Vers un nouvel ordre constitutionnel ?

Acte trois : embrigader la classe politique dans une logique de consensus pour le partage du pouvoir et, sans l’avouer, d’un nouvel ordre constitutionnel. Histoire aussi de remettre les compteurs à zéro. À travers les « concertations nationales » dont la suite est connue de tous et le futur « dialogue national ».

Sept partis de la majorité ont ouvertement demandé à Kabila de respecter la Constitution et de ne pas engager la nation sur une voie suicidaire. Et – c’est une première dans le pays -, l’ensemble de l’opposition politique vient de signer une déclaration commune rejetant toute manœuvre qui s’écartarait des dispositions de la Constitution en vigueur. Enfin plus significatif, la très influente Église catholique et de nombreuses organisations de la société civile projettent des « actions d’envergure » pour contraindre le pouvoir à ouvrir l’arène politique et à organiser la présidentielle dans les délais constitutionnels.

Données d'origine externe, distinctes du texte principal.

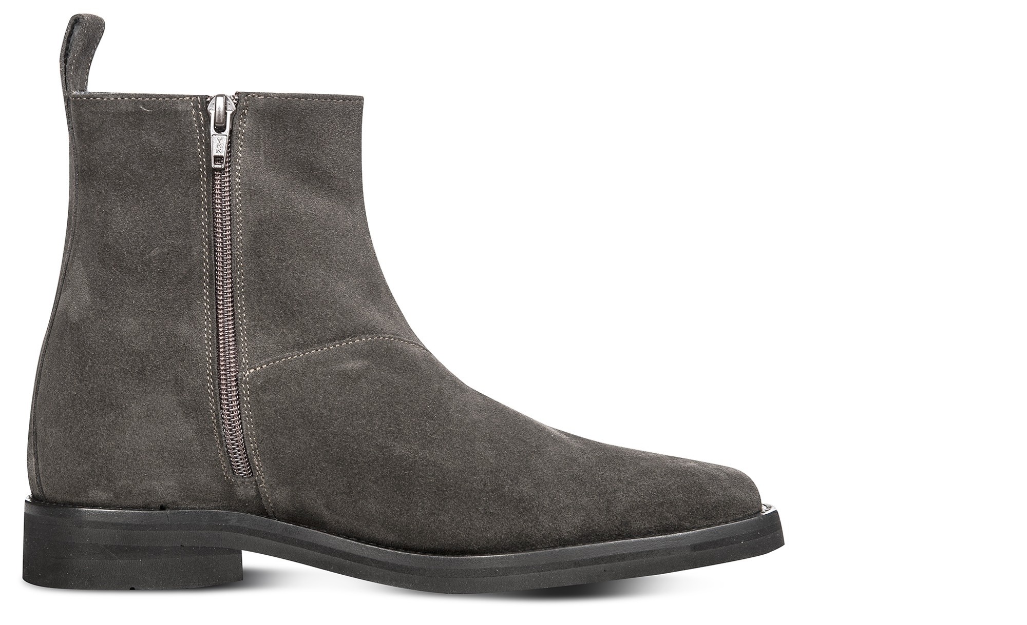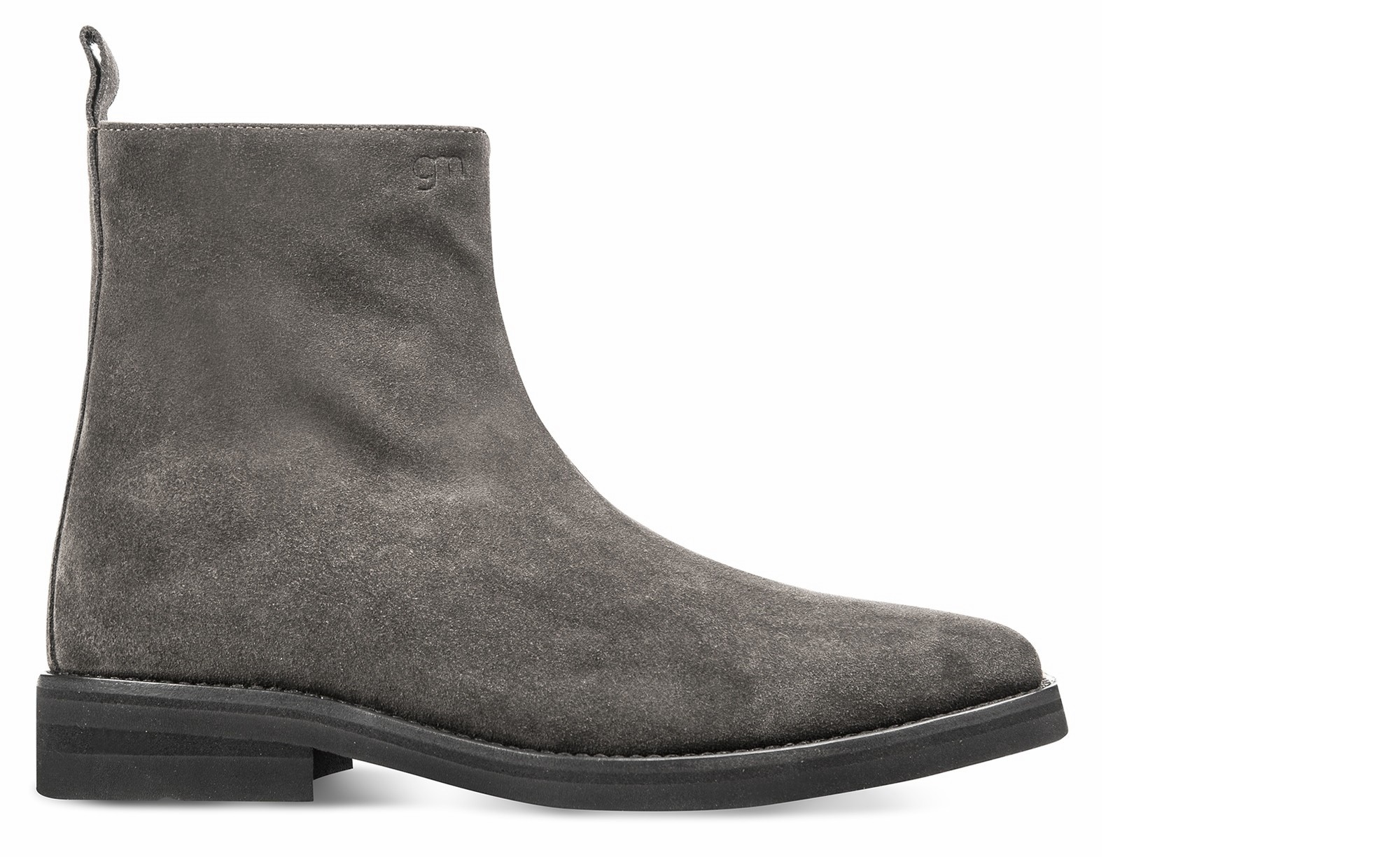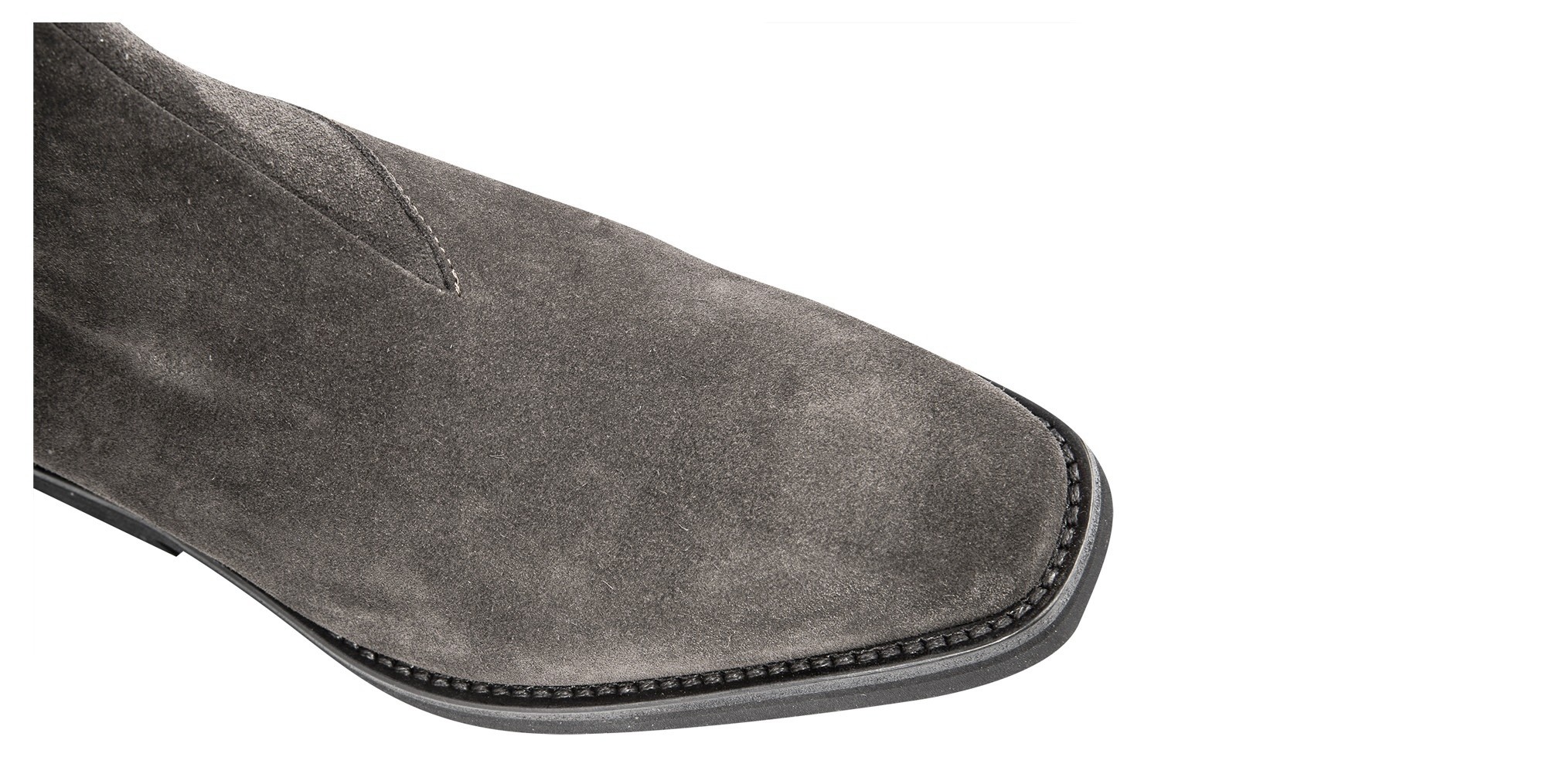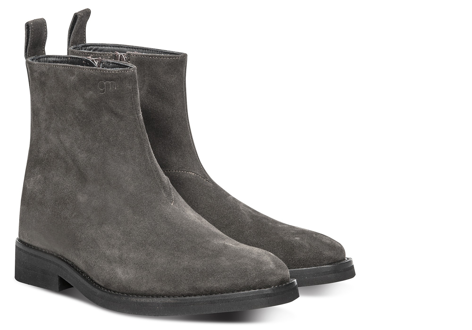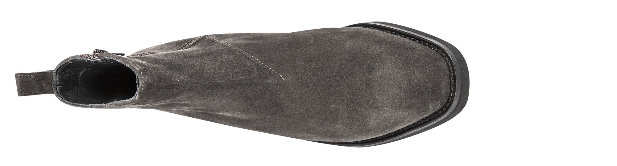 Handcrafted elevator chelsea boots with upper made of soft suede calf leather featuring a particular dove grey color and Vibram rubber sole. The closure is regulated by a side zip.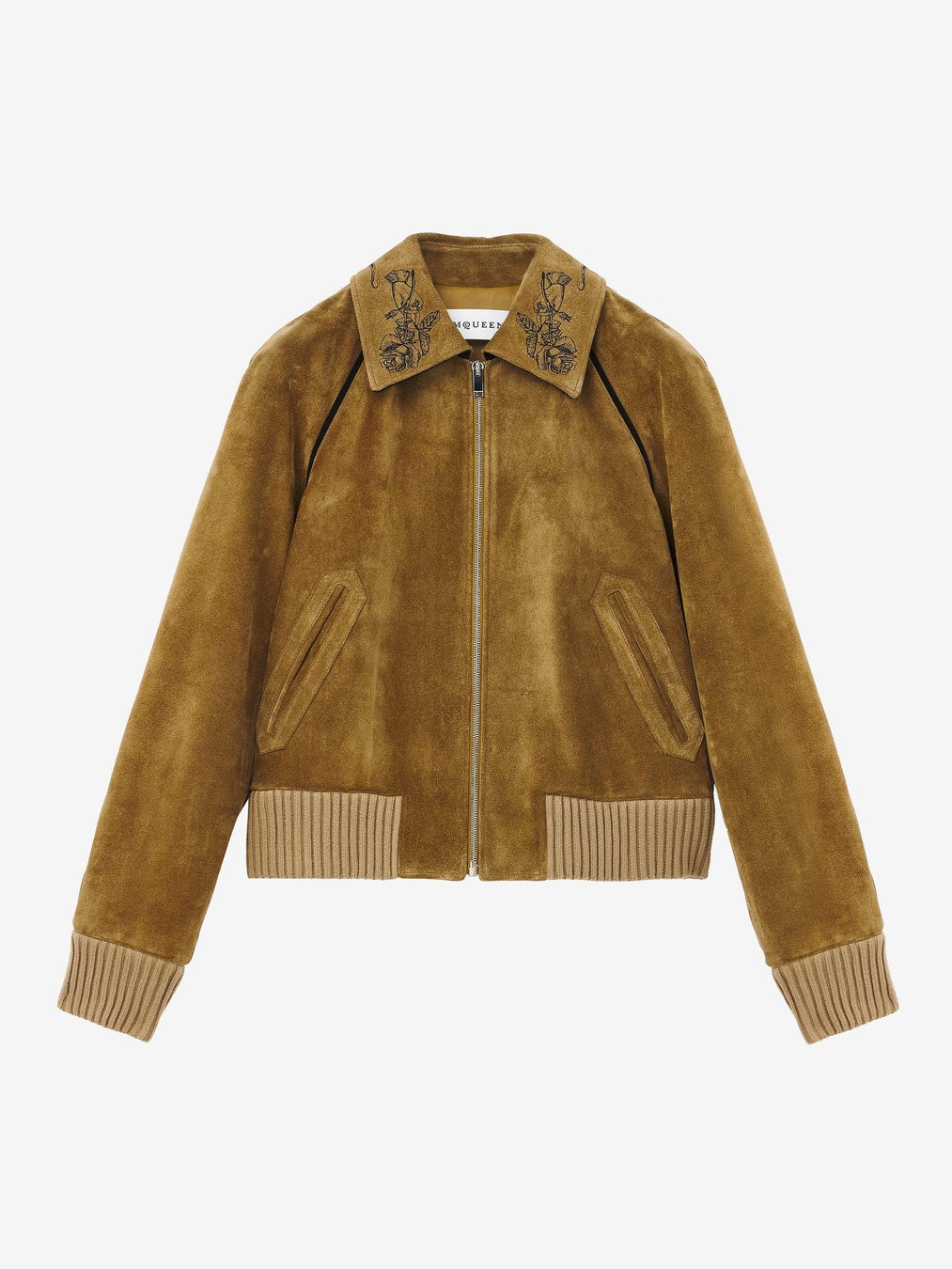 2025年秋冬プレコレクションより、ローズタトゥーの刺繍があしらわれたスエード ボンバージャケットを着用しています。

La majorité des Congolais ont pleinement conscience que le régime au pouvoir tient à s’y maintenir par tous les moyens, la Constitution ne donnant aucune chance à Kabila pour se représenter en 2016. Une détermination jusqu’au-boutiste  qui fait pointer le spectre du retour à la dictature « ventrocentrique » et iconoclaste comme le pays l’a connue pendant les 32 ans du règne de Mobutu. Le peuple congolais se laissera-t-il mener à l’abattoir par un groupe d’individus aveuglés par leurs intérêts égoïstes ? L’histoire nous le dira.